Thomas Sterling will be delivering the Wednesday keynote at this year’s International Supercomputing Conference (ISC’12), which will take place in Hamburg, Germany from June 17-21. His presentation will examine the achievements over the past 12 months in high performance computing.

Some believe that low power onchip photonic communication combined with memristor memory and processing could be enough to get to zettaflop supercomputers.

What’s the biggest hardware challenge to attain exascale computing?

Sterling: The usual response to this question is either “power” or “resilience” and these are certainly critical challenges to attaining exascale. Depending on the analysis of choice, without innovative ways of managing vertical and lateral data movement power estimates based on anticipated technology trends suggest an order of magnitude greater power demand than is considered practical. Single point failure modes of systems comprising hundreds of millions of cores will exhibit mean-time-to-interrupt on the order of minutes or many seconds, much less than the expected time to service a checkpoint or restart cycle using conventional methods.

While both are clearly important, I think the biggest hardware challenge is architecture. This may surprise many of our colleagues because there is a general expectation that the system architecture is likely to be an evolutionary extension of the current mix of multicore sockets and GPU accelerators. This view is driven by the number one concern, which is parallelism and the need to expose and exploit it. Not only will the system architecture have to provide sufficient hardware concurrency of on the order of a billion or more simultaneous actions for the throughput requirement, it will have to use more of it as a latency mitigating method requiring additional architecture change.
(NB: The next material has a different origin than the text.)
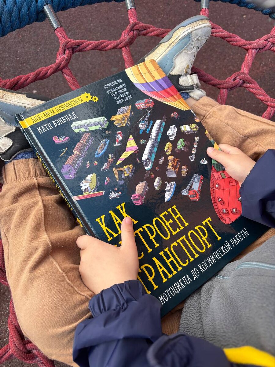 Как устроен Транспорт. 🚜 От мотоцикла до космической ракеты издательство Питер фанаты транспорта будут просто ликовать и прыгать от этой энциклопедии. Руслан сразу принялся рассматривать и изучать книгу. — в энциклопедии подробно рассказывают и показывают как устроены машины, что у них внутри и для чего они. малыш узнает, почему самолёт летит, а корабль не тонет, посмотрит, откуда взлетает ракета и как происходит погружение подводной лодки, а также познакомится с транспортом прошлого и даже будущего. каждая страница с красочными и детализированными иллюстрациями и с изображением всех мелочей. #Ру_читает

Further, it will have to incorporate mechanisms to reduce overheads in order to make effective use of finer granularity tasks (e.g., lightweight user threads) such as the instantiation of remote actions. Support for advanced forms of global address spaces, their management, and address translation will be required in support of randomly distributed global data (e.g., dynamic graphs). New mechanisms for efficient semantically rich synchronization and continuation (control object) migration to manage locality of control will be part of future designs if they are to succeed at unprecedented scale.

Additional hardware mechanisms will be required for fault tolerance including error detection, isolation, in-memory checkpointing, and recovery through reconfiguration. Power reduction will demand active sensor and control hardware mechanisms to continuously adjust energy usage based on application demands. New processor cores and their relationship to memory (for example, processor in memory) for superior bandwidth, reduced latency, and lower power will further drive hardware innovation needs.